The European Union Agency for Cybersecurity (ENISA) has released the outcome of its first evaluation of the cyber threat landscape of the health industry in the European Union (EU). ENISA noted healthcare cyber cases from January 2021 to March 2023 and determined the major targets of the cyberattacks, the threat actors responsible, cyberattack trends, and the effect that cyberattacks have on the healthcare industry.
A variety of healthcare entities encountered cyberattacks in the period of two years, which include health authorities, organizations and institutions, and pharma companies; nevertheless, most attacks focused on healthcare providers (53%), particularly hospitals (42%). In two years, ENISA reviewed 215 publicly announced cyber attacks in the EU and closeby countries. 208 cyberattacks were on the health industry. The analysis contained 5 reports of discovered vulnerabilities (not specifically exploited), and two warnings of prospective cyber activity impacting the health industry. ENISA states that cyber incidents have continued to be steady although there seems to have been a rise in cyberattacks in 2023, with 40 incidents examined between January and March, in contrast to 91 incidents in 2021 and 84 in 2022.
46% of all attacks involved healthcare information and 83% of attacks were financially driven considering the high cost of healthcare information. 10% of attacks were motivated by ideology. The most typical result of attacks was data breaches or stolen data (43%), then problems with non-healthcare services (26%) and interrupted healthcare services (22%). Throughout the research period, ransomware presented the greatest threat. 53% of incidents were ransomware attacks and 43% of ransomware attacks involved stolen data or data breaches. The ransomware attacks also had the greatest impact on healthcare companies. Ransomware attacks grew from 2021 to 2022, and seem like they have kept on increasing in 2023. LockBit 3.0, the BlackCat and Vice Society groups were responsible for most of the attacks.

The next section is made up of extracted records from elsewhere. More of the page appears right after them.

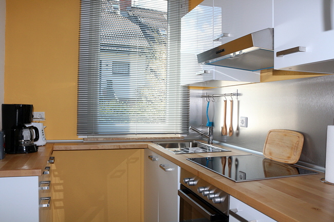 Die modern eingerichtete offene Küche ist ausgestattet mit Geschirrspüler, Cerankochfeld, Backofen, Kühlschrank mit Eisfach, Kaffeemaschine, Toaster, Wasserkocher sowie ausreichend Geschirr für 4
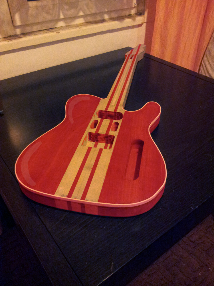 Jest szansa, że gitara spadnie ze stołu i się potłucze. ShopiK, bardzo estetycznie to wyględa, już niewiele do kołca zostało. Zostawiasz "kopyto" na przejłciu szyjki w korpus czy będziesz płynnie profilował?
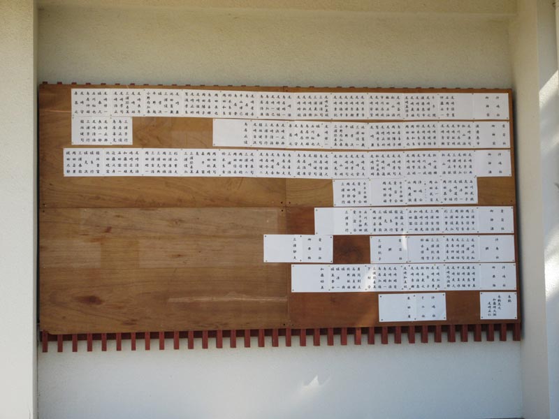 公民館外壁には、ご神前、ご供物の奉納者の名前が張り出されます。自分の名前があるか確認をします
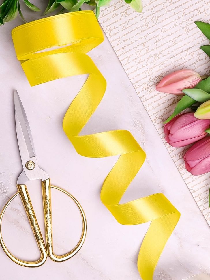 Лента атласная 10мм 25м лимонная 1/10 оптом и в розницу в Екатеринбурге, цены в каталоге с доставкой
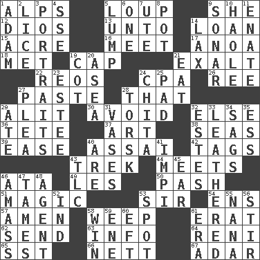 ACROSS 1. High mountains 5. Central Nebraska county 9. A female animal or person 12. "Vaya con ____" 13. To (old English) 14. Grant temporary use of 15. Measure of real estate 16. Rendezvous 17. Small Philippine buffalo 18. Was introduced to 19. Head covering 21. Glorify 22. Vintage cars 24. Numbers guy (abbr.) 26. To riddle 27. Thick mixture 28. Not this but _ 29. Came down and settled, as after flight 30. Keep away from 32. Otherwise 36. False hair 37. Tate display 38. Oceans 39. Comfort 40. Slender Brazilian palm 42. Labels 43. Long journey 44. Confronts 46. _ moment's notice (2 wds.) 49. French article 50. Romantic infatuation 51. Mysterious quality of enchantment 53. Title for a knight 54. Followers of ems 57. So be it 58. Shed a tear 61. Part of Q.E.F. 62. Transmit 63. A message received and understood 64. Painter Guido (1575-1642) 65. Fast jet (abbr.) 66. Remaining after all deductions 67. The sixth month of the Jewish calendar DOWN 1. First man 2. Louse (plural) 3. Likenesses of persons 4. Compass dir. 5. Mass 6. Single 7. Shoshoni 8. Cooking vessel 9. Underwater navigation system 10. White Person, in Hawaii 11. Related on the mother's side 14. Not strict 19. Small bed 20. At sea 21. Ingest 23. First name in cosmetics 24. Riviera of "Kiss of the Spider Woman" 25. Writing tablet 27. Entreaty 28. Cod relative 29. Had dinner 31. Flower holders 32. _____ Park, CO 33. Resembling or made to resemble leather 34. Settles 35. Double-curved letter 40. "We ___ not amused" (Victoria) 41. Body of Kaffir warriors 43. Affectionate concern, for short 45. Hearing organ 46. Collect or gather 47. Makes less strong or intense 48. Representative 52. Working for oneself (abbr.) 53. Blemish 55. Grandmother 56. Commotion 58. Victory 59. Compass dir. 60. Bank Draft (abbr.) 61. Period
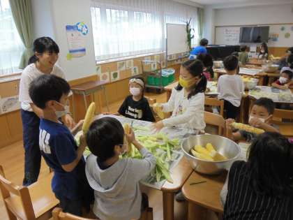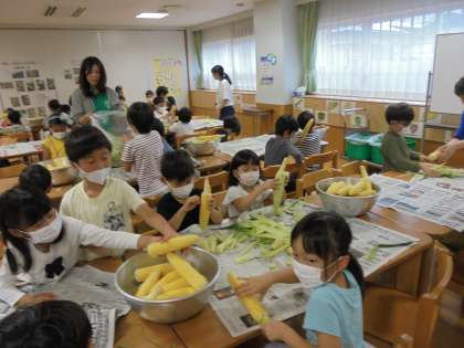 7/12(金)、1年生がとうもろこしの皮むきを行いました。
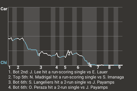 The outcome was still in doubt with two out in the top of the fifth inning, but Imanaga was able to pitch out of a jam. With runners on 1st and 3rd and Carolina trailing 3-1, Imanaga retired Juan Soto, who grounded out.
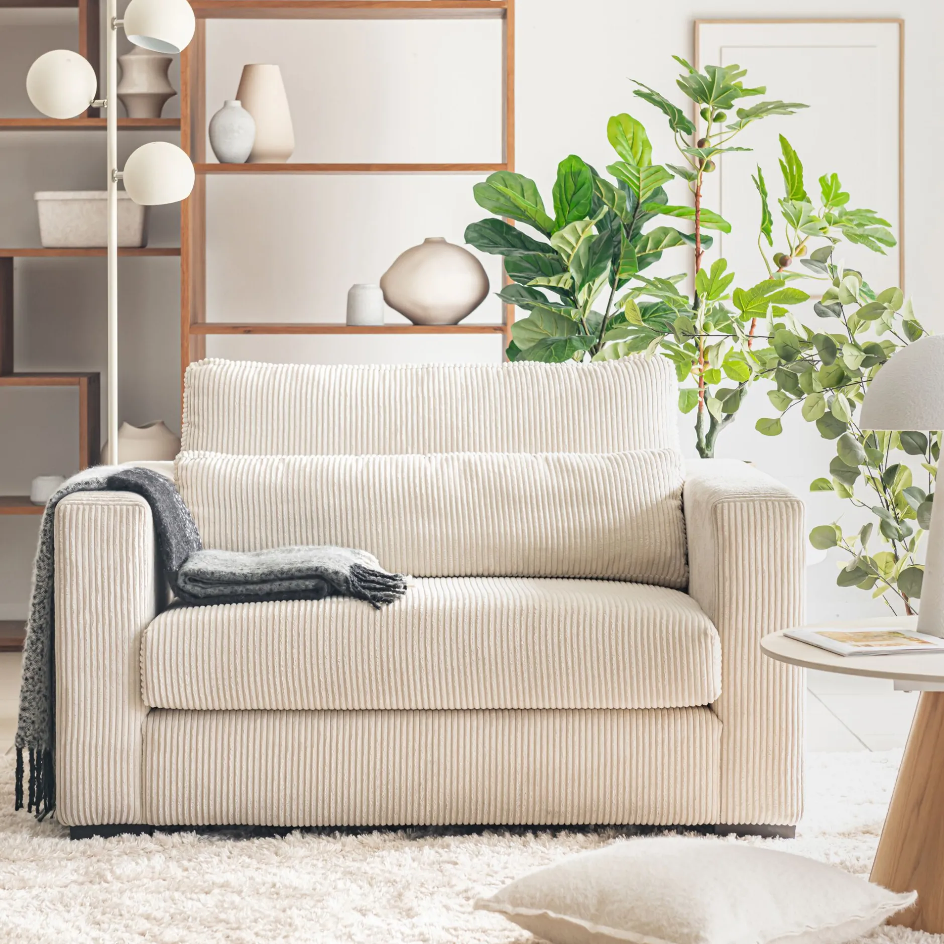 Le fauteuil Batis incarne l’alliance parfaite entre confort et élégance. Sa structure solide en bois massif assure une stabilité et une durabilité exceptionnelles. Revêtu d’un velours côtelé beige, il offre une texture douce et un aspect cocooning. Les coussins déhoussables facilitent l’entretien et permettent de maintenir la fraîcheur du canapé. Il offre un espace généreux pour se détendre en toute tranquillité. Ce fauteuil en velours allie praticité, confort et esthétique, ajoutant une touche de raffinement à votre salon.
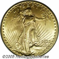 <B>1922-S $20 MS64 PCGS.</B></I> Second of three high grade examples of this scarce, semi-key issue. This piece shows remarkable mint luster that rolls around each side as the coin is slowly tilted beneath a light source. Sharply defined, the only mentionable surface defect is a shallow planchet flaw in the upper left obverse field.
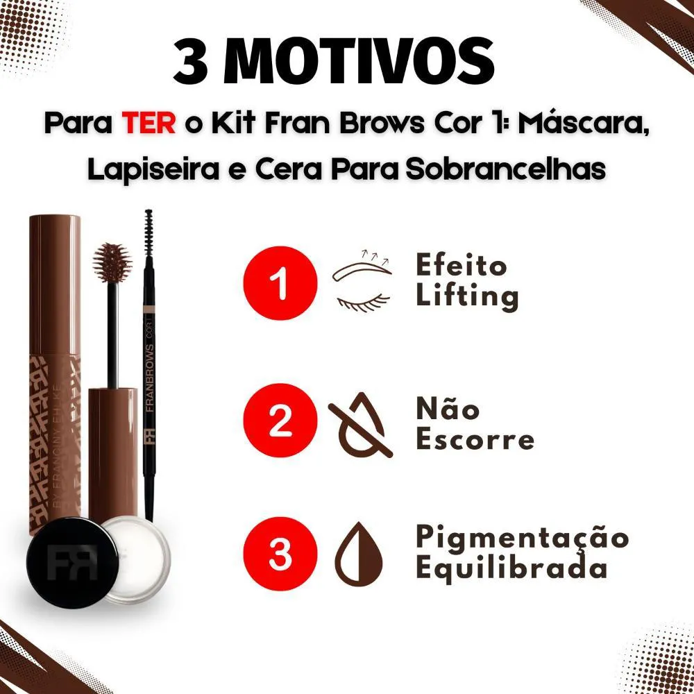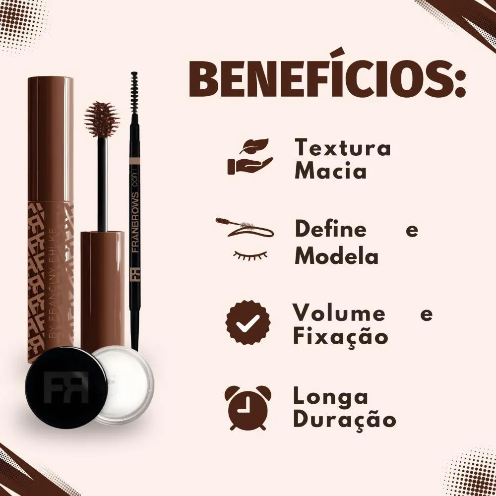 Kit Franciny Elhke Fran Brows Cor 1: Máscara, Lapiseira e Cera para Sobrancelhas

A considerable percentage of the analysis period happened during the COVID-19 pandemic era. At this time, the healthcare industry had been a major target for malicious actors. The pandemic was connected to the rising ransomware attacks as well as the rising data leak incidents. Although data leak incidents happened because of malicious activity, they were likewise normally brought on by bad security tactics and wrong configurations. Healthcare companies had trouble establishing a new way of working at the time of the pandemic and cybersecurity was usually overlooked because of demanding operational requirements.
Near the end of the study, geopolitical movements brought on a rise in hacktivist occurrences. Pro-Russian hacktivist groups like KillNet conducted DDoS attacks on healthcare providers to disrupt healthcare services to retaliate against supporters of Ukraine. It is expected for these attacks to go on while the Russia-Ukraine war goes on, though the effect of these attacks is fairly low.
Cyberattacks on the health industry come with a financial expense; nevertheless, it is hard to precisely measure the cost. A 2022 ENISA NIS Investment research indicates the median cost of a big security incident to be €300,000 ($328,870); nonetheless, the major problem is patient security, since the attacks frequently create a delay to triage and patient treatment. Also, data breaches can potentially impact the health and safety of patients.
In spite of the magnitude to which ransomware was employed in attacks, 27% of healthcare companies didn’t have a focused ransomware defense plan. The research likewise showed insufficient security awareness training for non-IT employees, with just 40% of primary equipment suppliers offering security awareness instruction to non-IT employees. Being the case on the other side of the Atlantic, it is common to have risk analysis failures. Another survey done by the NIS cooperation group observed almost all healthcare companies (95%) consider risk analyses difficult, with 46% confessing to never doing it.
More and more healthcare cyberattacks take advantage of poor patch management practices. 4% of verified data exposure/data breaches in 2021 and 2022 took advantage of vulnerabilities to acquire access to healthcare systems or exploited system misconfigurations. 80% of healthcare companies that were questioned stated over 61% of their security cases were because of unpatched vulnerabilities.
The fact that a lot of companies encounter challenges with risk analyses and that most have never done one indicates that this is a key area to deal with to enhance toughness against cyberattacks. ENISA additionally states important priorities should be making offline encrypted backup copies of mission-critical information, giving security awareness instruction for all employees, performing routine vulnerability scans and immediately patching vulnerabilities, enhancing authentication procedures, making sure to create, maintain and practice basic cyber incident response plans, and making senior management to invest in enhancing cybersecurity.